» **Exercise instructions**: Transcribe the records that follow in their entirety, omitting any pictures.

» **Exercise input**:
================================

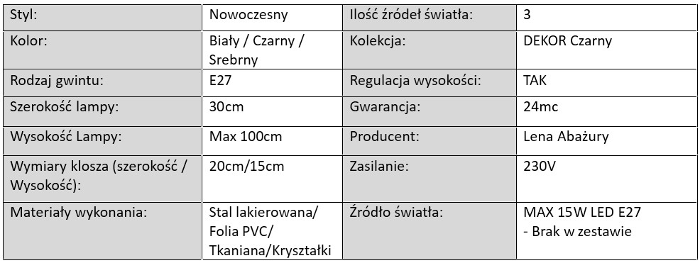 Każda lampa z tej kolekcji została wyposażona w elegancki abażur w kolorze głębokiej czerni, wykończony białą folią wewnętrzną, która skutecznie odbija światło i nadaje wnętrzu przyjemnej jasności. Dolna krawędź abażura ozdobiona jest dekoracyjnym paskiem z połyskujących kryształków, które efektownie błyszczą zarówno w świetle dziennym, jak i sztucznym. To idealne rozwiązanie dla osób szukających oświetlenia z nutą glamour lub nowoczesnej elegancji.
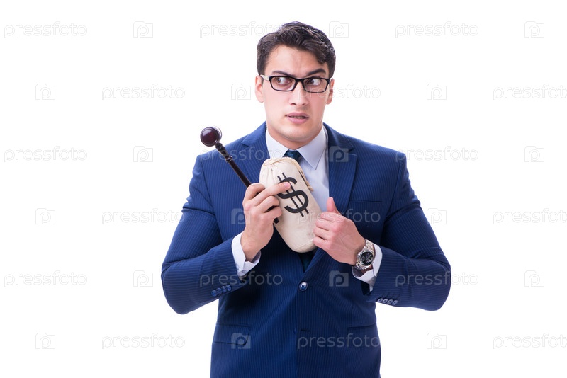 Адвокат с молотком и сумкой денег деньги плохие изолированы на белом
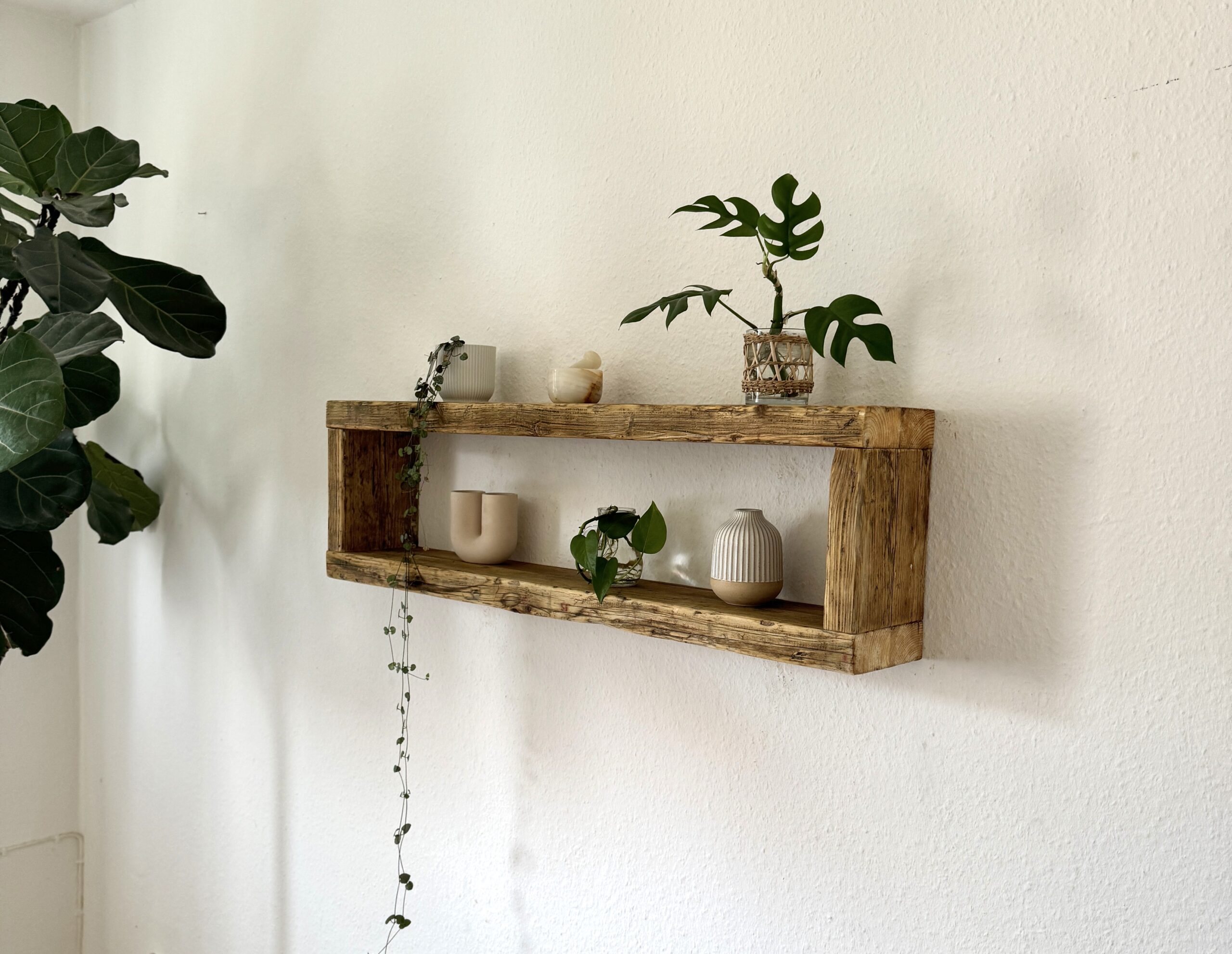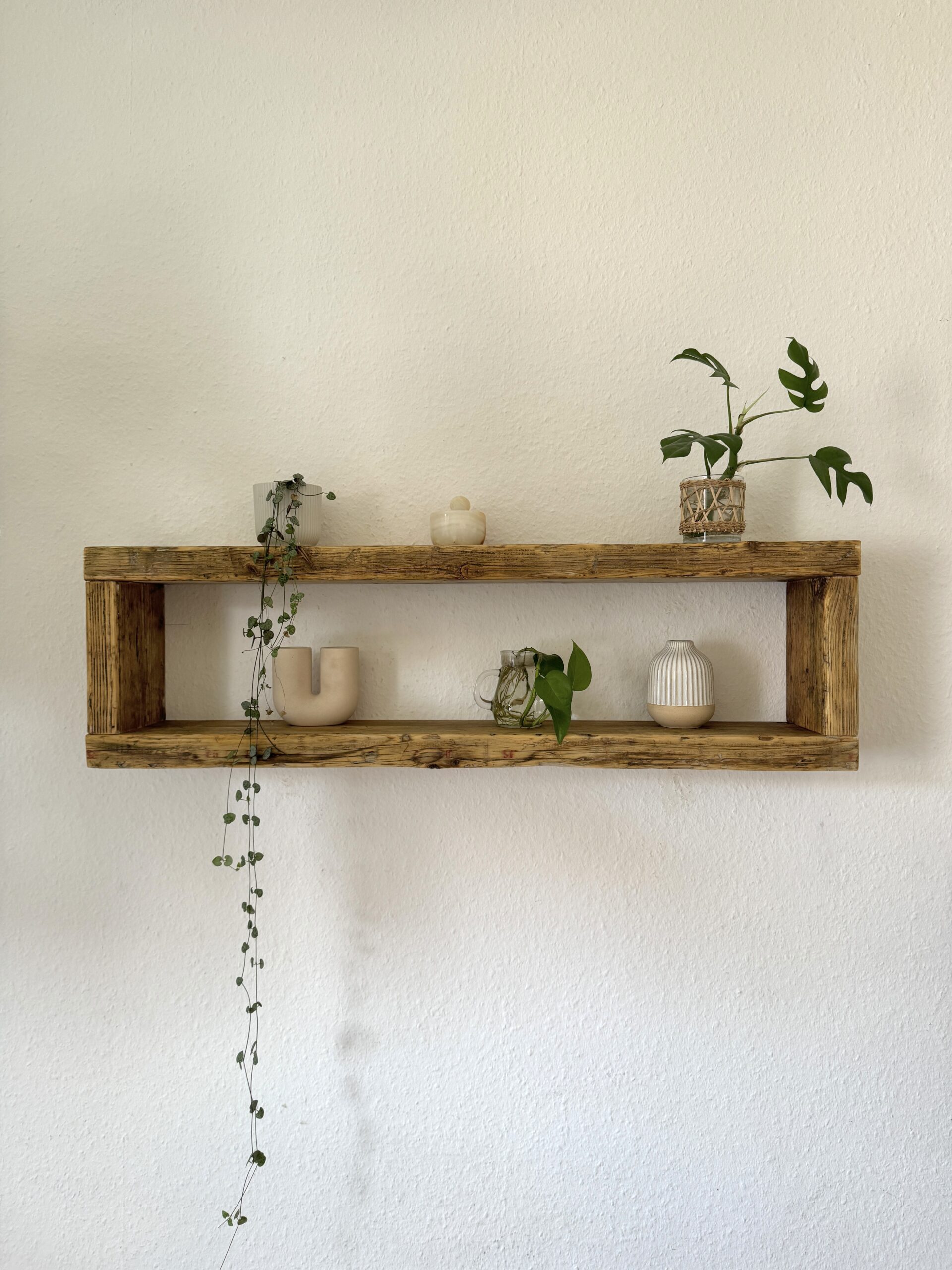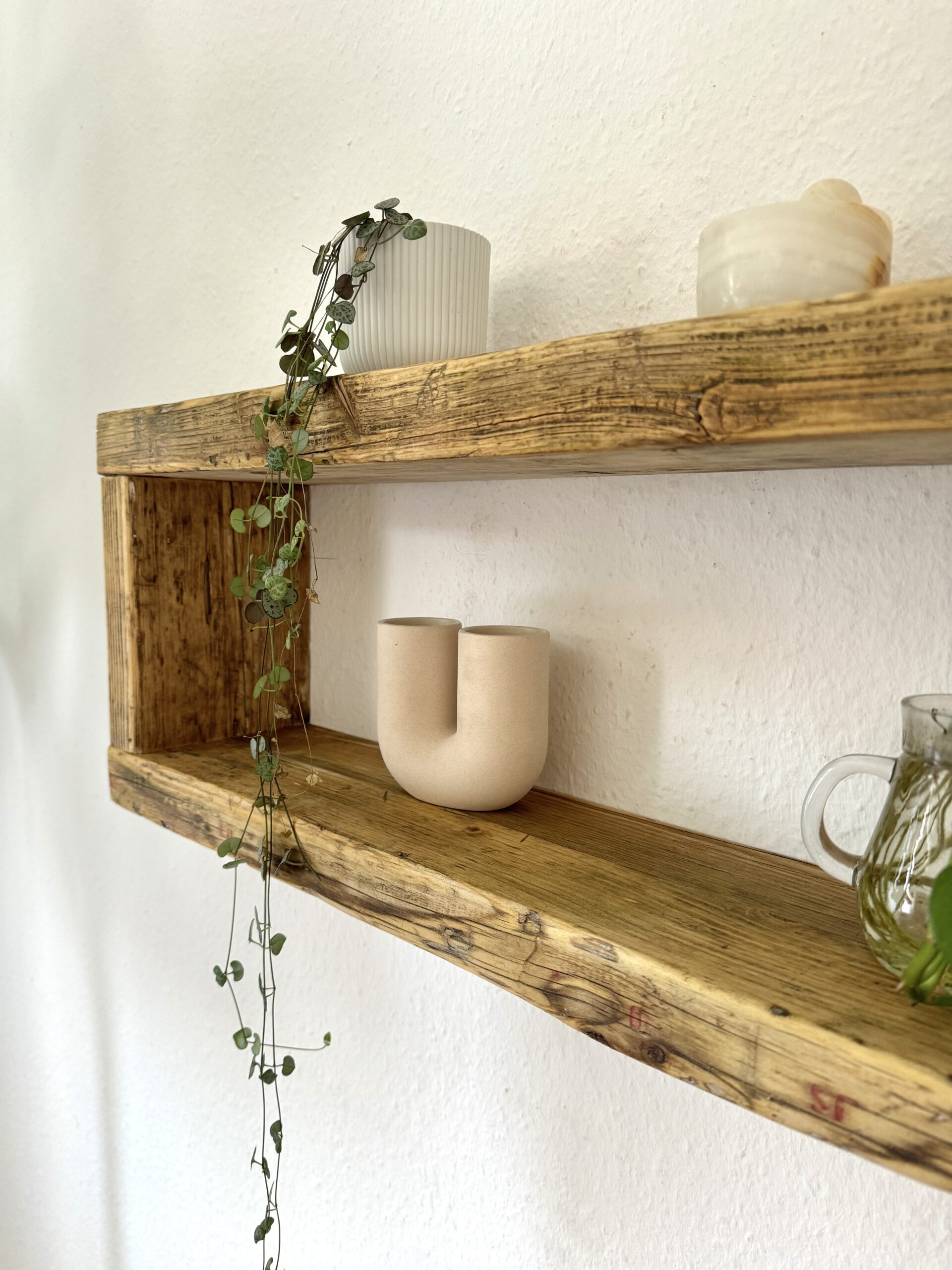 Jedes Regal ist aufgrund der Maserung des Holzes und des vorherigen Einsatzes einzigartig. Jedes Brett kann Astlöcher, kleine Risse und Macken enthalten.
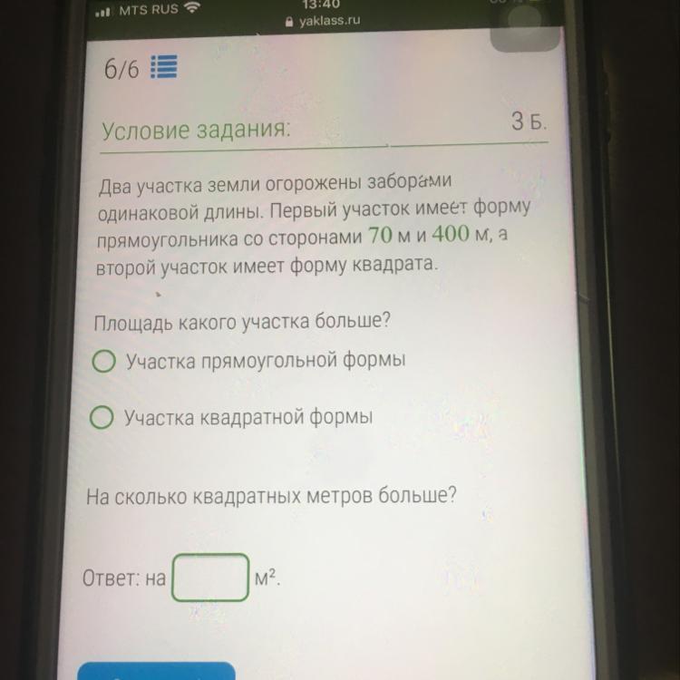 блин вот я сделал но незнаю короче на 27225 большем2 .участка формы крадрата . я незнаю как проверить или где проверить
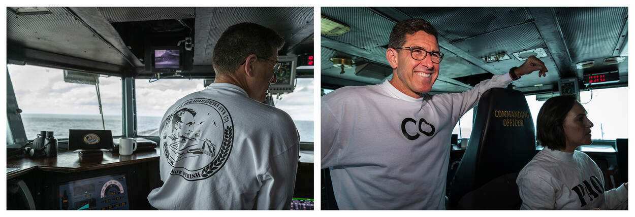 Het kantoor van captain Browne, zelf voormalig F-18 vlieger, lijkt zoveel mogelijk op dat van de 16e president van de Verenigde Staten. Dat was hij van 4 maart 1861 tot en met 15 april 1865 toen hij werd vermoord. Overal op shirts en baseball caps is zijn – voor Amerikanen – beroemde uitspraak te zien: shall not perish (zal niet vergaan). Dat sprak Lincoln uit in 1863 bij de begrafenis van bijna 8.000 omgekomen (noordelijke) militairen bij de slag om Gettysburg. Maar tijdens vliegoperaties, en dat zijn er veel, is de captain standaard te vinden in zijn speciale stoel op de brug, met uitzicht over het gehele vliegdek.
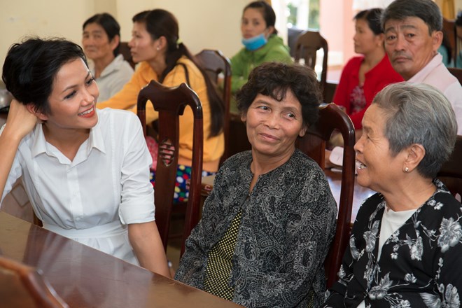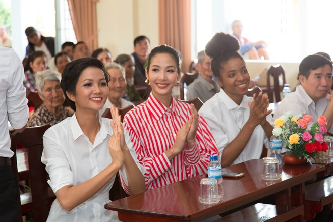 Hoa hậu H’hen Niê, Á hậu Hoàng Thùy, Người đẹp Thể thao Huỳnh Thị Cẩm Tiên giản dị trong trang phục áo sơmi, trò chuyện cùng người dân. Sau khi cuộc thi Hoa hậu Hoàn vũ Việt Nam kết thúc, các người đẹp dành nhiều thời gian cho các hoạt động thiện nguyện vì cộng đồng. Đây cũng là một trong những định hướng mà tổ chức Hoa hậu Hoàn vũ Việt Nam đang hướng đến, nhằm tôn vinh những giá trị nhân ái trong cuộc sống.

================================

» **Exercise answer**:
 Każda lampa z tej kolekcji została wyposażona w elegancki abażur w kolorze głębokiej czerni, wykończony białą folią wewnętrzną, która skutecznie odbija światło i nadaje wnętrzu przyjemnej jasności. Dolna krawędź abażura ozdobiona jest dekoracyjnym paskiem z połyskujących kryształków, które efektownie błyszczą zarówno w świetle dziennym, jak i sztucznym. To idealne rozwiązanie dla osób szukających oświetlenia z nutą glamour lub nowoczesnej elegancji.
 Адвокат с молотком и сумкой денег деньги плохие изолированы на белом
 Jedes Regal ist aufgrund der Maserung des Holzes und des vorherigen Einsatzes einzigartig. Jedes Brett kann Astlöcher, kleine Risse und Macken enthalten.
 блин вот я сделал но незнаю короче на 27225 большем2 .участка формы крадрата . я незнаю как проверить или где проверить
 Het kantoor van captain Browne, zelf voormalig F-18 vlieger, lijkt zoveel mogelijk op dat van de 16e president van de Verenigde Staten. Dat was hij van 4 maart 1861 tot en met 15 april 1865 toen hij werd vermoord. Overal op shirts en baseball caps is zijn – voor Amerikanen – beroemde uitspraak te zien: shall not perish (zal niet vergaan). Dat sprak Lincoln uit in 1863 bij de begrafenis van bijna 8.000 omgekomen (noordelijke) militairen bij de slag om Gettysburg. Maar tijdens vliegoperaties, en dat zijn er veel, is de captain standaard te vinden in zijn speciale stoel op de brug, met uitzicht over het gehele vliegdek.
 Hoa hậu H’hen Niê, Á hậu Hoàng Thùy, Người đẹp Thể thao Huỳnh Thị Cẩm Tiên giản dị trong trang phục áo sơmi, trò chuyện cùng người dân. Sau khi cuộc thi Hoa hậu Hoàn vũ Việt Nam kết thúc, các người đẹp dành nhiều thời gian cho các hoạt động thiện nguyện vì cộng đồng. Đây cũng là một trong những định hướng mà tổ chức Hoa hậu Hoàn vũ Việt Nam đang hướng đến, nhằm tôn vinh những giá trị nhân ái trong cuộc sống.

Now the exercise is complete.